● **EXTRACTED INFORMATION**
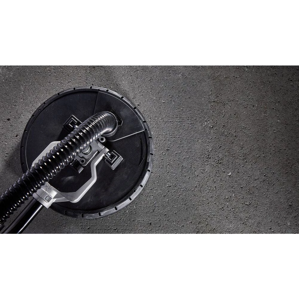 Achieve a smooth, polished finish with this 4.7 Amp Electric Drywall Sander. The variable speed dial and dual-action trigger provides control and versatility in a variety of applications. The 9 in. hook-and-loop sanding pad quickly connects to sanding paper and mesh, while the articulating head allows for better reach in workspaces. To efficiently remove dust in the workplace, this Electric Drywall Sander is equipped with an Airlock™ connection to securely attach to compatible DEWALT dust extractors.
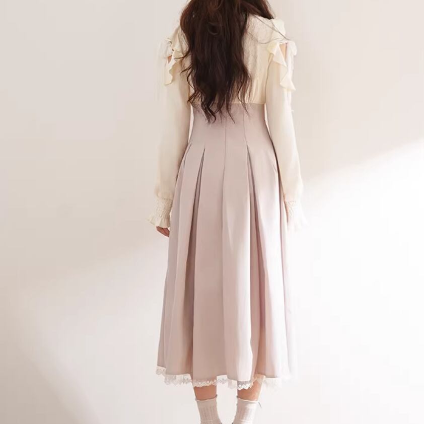 2色/チュールフラワーフリルネックボウタイワンピ ・54889
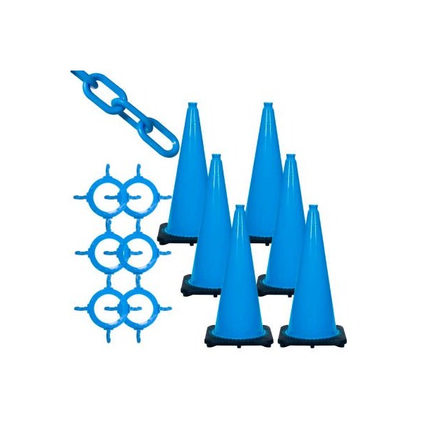 Mr. Chain 93224-6 traffic cone and chain kit, 28 cone height, hdpe/pvc, blue traffic cone and chain kit includes everything you need to create an effective visual barrier to prevent unwanted traffic from entering specific areas. Great for traffic zones, parking lots, construction sites, warehouses, and more. These lightweight and portable traffic cones, cone connectors, and plastic chain are a cost-effective barrier solution. The distinctive visual barrier allows you to block off a larger area with less cones by spacing the cones farther apart. Can be used indoors or outdoors. features: 1. Traffic kit creates an effective visual barrier in pedestrian traffic zones and in work zones 2. Kit complies with osha standards for visual barriers 3. Cone connectors and plastic chain are constructed from high-density polyethylene with uv inhibitors to protect them from fading 4. Includes six 28-inch traffic cones that are injection-molded pvc with 14 x 14-inch bases weighing 7 pounds 5. Includes 6 chain connectors and 50 feet of 2-inch plastic chain
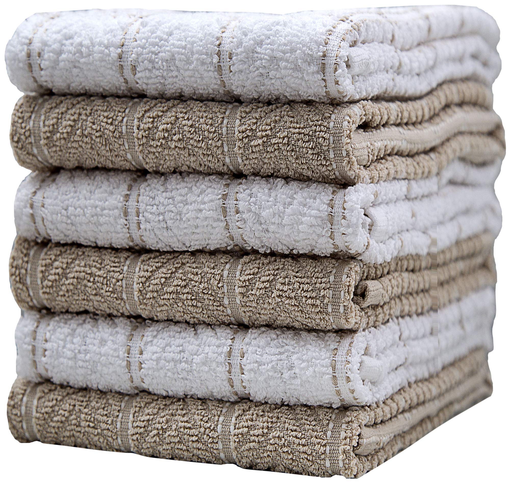 CRAFTSWORTH Toallas de cocina, 15 x 26 pulgadas, paquete de 6, 400 GSM, 100% algodón hilado en anillo, color marrón sólido, súper
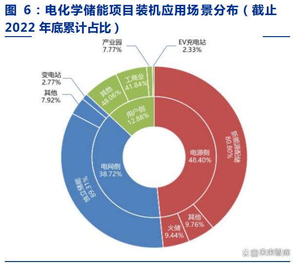 從應用場景看,2022 年儲能應用場景仍以新能源配儲及電網側獨立儲能為主。根據 中電聯統計口徑,截至 2022 年底,已投運的電化學儲能電站累計裝機主要分布在電源側, 占比達 48.4%,其次為電網側 38.72%和用戶側 12.88%。2022 年各應用場景新增裝機占 比基本保持不變,電源側占比 49.24%,其次為電網側 43.13%和用戶側 7.63%。從具體 場景看,新能源配儲為電源側主要場景,獨立儲能為電網側主要場景。
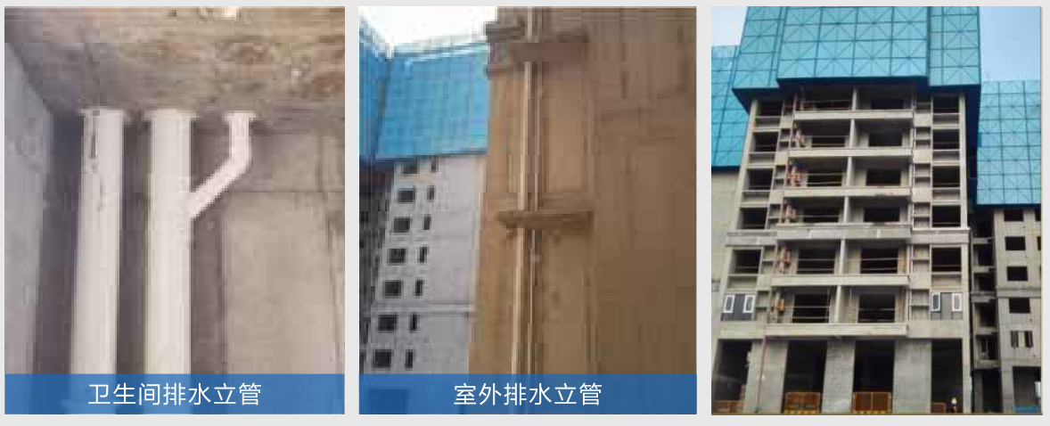 本工程進(jìn)行流水交叉同步作業(yè),室內(nèi)排水及室外排水直接進(jìn)行預(yù)埋安裝,讓砼直接包裹住止水環(huán),不留冷縫,減少日后滲漏之風(fēng)險(xiǎn)。實(shí)現(xiàn)了一步到位,加快施工進(jìn)度,降低成本,可提前插入精裝修作業(yè),實(shí)現(xiàn)了流水作業(yè)。
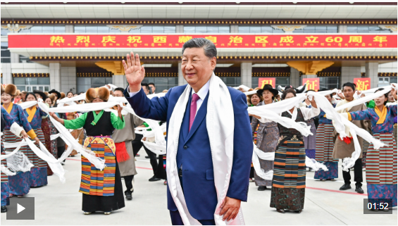 央视新闻讯 中共中央总书记、国家主席、中央军委主席习近平率中央代表团20日中午乘专机抵达拉萨,出席西藏自治区成立60周年庆祝活动。习近平等在机场和拉萨市区受到西藏各族群众的热烈欢迎。中共中央政治局常委、全国政协主席、中央代表团团长王沪宁,中共中央政治局常委、中央办公厅主任蔡奇等同机抵达。
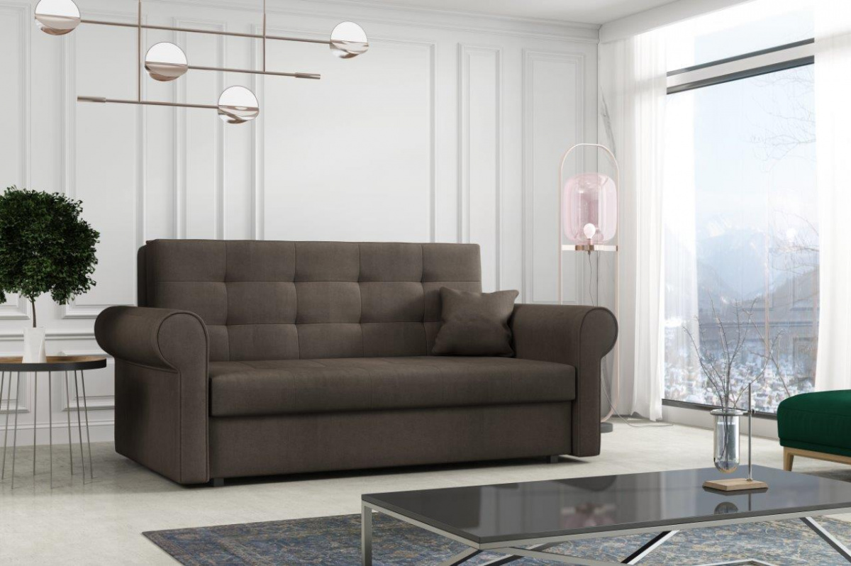 Rozkládací pohovka Vivian je díky svým rozměrům vhodná i do menších pokojů. Své uplatnění najde nejen v obývacím pokoji, ale také v dětském, studentském, nebo hostinském pokoji. Jednoduchým rozložením pomocí automatu, získáte lůžko k příležitostnému přespání Vaší návštěvy. Výplň sedáku tvoří vlnité pružiny v kombinaci s PUR pěnou. Pohovka je potažena kvalitní voděodolnou látkou a nabízíme ji v několika trendy odstínech. Pohovka disponuje i nepostradatelným úložným prostorem, který využijete např. na deku a polštář. V ceně pohovky je 1 dekorační polštář. Ostatní vyobrazené dekorace nejsou v ceně. Zobrazení barev produktu na fotograii se může nepatrně lišit od skutečnosti. Zobrazení barev na fotograii se může od skutečnosti lišit.
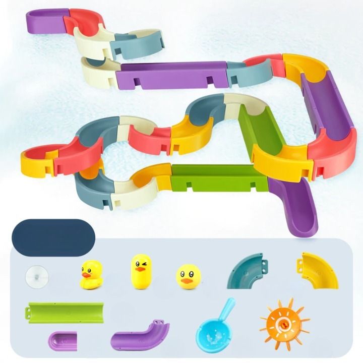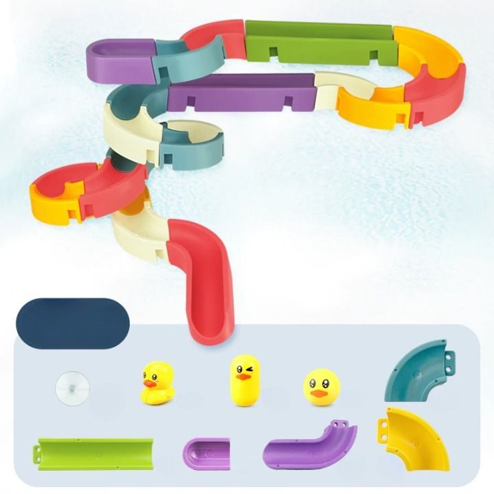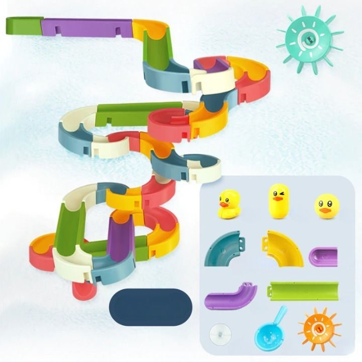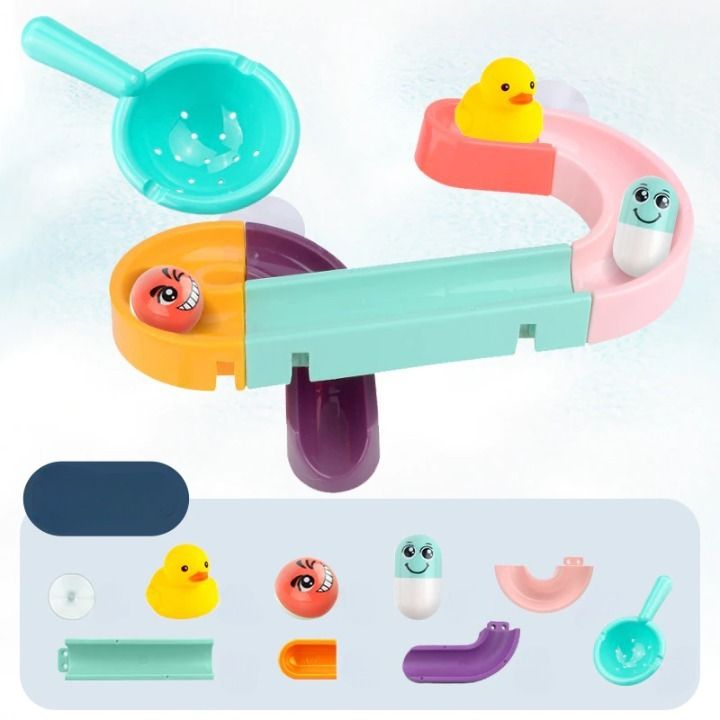 • Packung 48 Stück: 9 x Saugnapf, 2 x Ente, 2 x Kugel, 2 x Pille, 12 x kleine Kurve, 4 x gerade Bahn, 2 x Endstück, 1 x längliche Kurve, 12 x Kurve, 1 x Schöpflöffel, 1 x Karussell

● **WHAT YOU SHOULD DO**
Copy exactly the lines from the line that holds "Rozkládací pohovka Vivian" to the end of the listing, both included. Leave the pictures out.

● **SOLUTION FOR THIS EXERCISE**
 Rozkládací pohovka Vivian je díky svým rozměrům vhodná i do menších pokojů. Své uplatnění najde nejen v obývacím pokoji, ale také v dětském, studentském, nebo hostinském pokoji. Jednoduchým rozložením pomocí automatu, získáte lůžko k příležitostnému přespání Vaší návštěvy. Výplň sedáku tvoří vlnité pružiny v kombinaci s PUR pěnou. Pohovka je potažena kvalitní voděodolnou látkou a nabízíme ji v několika trendy odstínech. Pohovka disponuje i nepostradatelným úložným prostorem, který využijete např. na deku a polštář. V ceně pohovky je 1 dekorační polštář. Ostatní vyobrazené dekorace nejsou v ceně. Zobrazení barev produktu na fotograii se může nepatrně lišit od skutečnosti. Zobrazení barev na fotograii se může od skutečnosti lišit.
 • Packung 48 Stück: 9 x Saugnapf, 2 x Ente, 2 x Kugel, 2 x Pille, 12 x kleine Kurve, 4 x gerade Bahn, 2 x Endstück, 1 x längliche Kurve, 12 x Kurve, 1 x Schöpflöffel, 1 x Karussell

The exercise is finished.